Who created this place?

@GaryE
Don't you mean Cod Almighty? :p

1. I am the lord thy Cod. Thou shall not have strange cods before me.
2. Thou shall not take the name of the lord thy Cod in vain.
3. Thou shall feed the fish every day.................
 
Nah, cod is one of many in his shoal. But it would be interesting to learn how this started. I knew of a bunch of forums started by individuals and then bought as they grew, and grew more expensive and time consuming to maintain. When I first looked at this one, I thought it was a UK one with a large Australian input. I looked at it a few years later and it seemed even more UK.

I joined a while ago, and it was already well established.
 
William created this forum back in 2002. He sold it a while ago then it was sold again to the current owners.

This is the first ever public post in the forum - there were a couple before this but they can only be seen in the staff area.


Edit - a bit of searching found William sold the site in 2012, though I don't know when the current owners acquired it.
 
William created this forum back in 2002. He sold it a while ago then it was sold again to the current owners.
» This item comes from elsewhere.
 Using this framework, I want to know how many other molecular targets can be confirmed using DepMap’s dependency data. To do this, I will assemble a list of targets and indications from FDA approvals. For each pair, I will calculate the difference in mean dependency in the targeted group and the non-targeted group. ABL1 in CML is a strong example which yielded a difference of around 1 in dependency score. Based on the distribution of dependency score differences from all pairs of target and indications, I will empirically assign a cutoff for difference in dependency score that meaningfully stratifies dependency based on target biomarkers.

This is the first ever public post in the forum - there were a couple before this but they can only be seen in the staff area.


Edit - a bit of searching found William sold the site in 2012, though I don't know when the current owners acquired it.
Thank you, @Essjay !
 
There's a part of hobby history littered with the hulks of ghost forums. I've found a few that were once very alive but are now 5 or 10 years without a single discussion. They just drift the net like burned out spaceships. In a previous tech era, and aquarium hobby era, they were very popular. I knew people who had joined a dozen or more, and used them as recreation, social media or peer learning.
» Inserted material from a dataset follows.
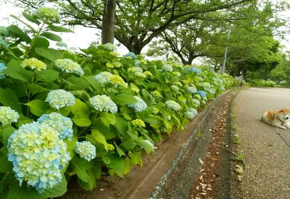 毎朝の散歩道がこれから暫くは「アジサイ通り」に(^^♪

Some of these hulks had 20 or 30 messages a day in their good times, and are probably full of excellent information from people whose names weren't real. It's kind of cool.

Tech change knocked a few out. Social attitudes killed more - there was the troll era when most thinking was boringly mocked, and there were a lot of forums killed by poor moderation of really unpleasant members. Some were killed by over-moderation - I was on one where a mod would quietly edit posts by respected members if she disagreed with them. She wasn't an expert aquarist.
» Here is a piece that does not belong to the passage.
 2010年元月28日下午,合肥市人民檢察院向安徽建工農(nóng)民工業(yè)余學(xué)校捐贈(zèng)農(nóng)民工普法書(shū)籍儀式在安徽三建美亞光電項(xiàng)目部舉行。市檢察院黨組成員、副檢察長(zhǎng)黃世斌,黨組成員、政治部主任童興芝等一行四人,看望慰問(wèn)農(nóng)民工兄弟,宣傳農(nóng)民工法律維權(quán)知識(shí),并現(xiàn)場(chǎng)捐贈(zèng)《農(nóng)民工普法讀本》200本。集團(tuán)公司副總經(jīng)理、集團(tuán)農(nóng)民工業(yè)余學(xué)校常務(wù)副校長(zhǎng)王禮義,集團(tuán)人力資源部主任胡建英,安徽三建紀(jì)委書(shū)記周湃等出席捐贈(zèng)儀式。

It's a very human endeavour, keeping a forum alive. It takes a balance, spam filters, respect, money, new members, old members, tolerance, and luck.

Most social media lives on the one sentence answer, but forums at least allow discussion and explanation of why people say things. This one is a good source.
 
There's a part of hobby history littered with the hulks of ghost forums. I've found a few that were once very alive but are now 5 or 10 years without a single discussion. They just drift the net like burned out spaceships. In a previous tech era, and aquarium hobby era, they were very popular. I knew people who had joined a dozen or more, and used them as recreation, social media or peer learning.

Some of these hulks had 20 or 30 messages a day in their good times, and are probably full of excellent information from people whose names weren't real. It's kind of cool.

Tech change knocked a few out. Social attitudes killed more - there was the troll era when most thinking was boringly mocked, and there were a lot of forums killed by poor moderation of really unpleasant members. Some were killed by over-moderation - I was on one where a mod would quietly edit posts by respected members if she disagreed with them. She wasn't an expert aquarist.

It's a very human endeavour, keeping a forum alive. It takes a balance, spam filters, respect, money, new members, old members, tolerance, and luck.

Most social media lives on the one sentence answer, but forums at least allow discussion and explanation of why people say things. This one is a good source.
Perhaps all of us internet goers are just objects, floating around, until we are brought together by gravity, where we fuse and become a community. Sometimes this fusion is short-lived and our selves are scattered back into space where some will drift alone for all eternity while others will meet again with others, from near or far. And this gravity attracts more and more of us until a fusion is so powerful it will burn bright for billions of years.
Some forums burn out, but its inhabitants (who are still keen) will be drawn back together to create something that will remain for a very long time.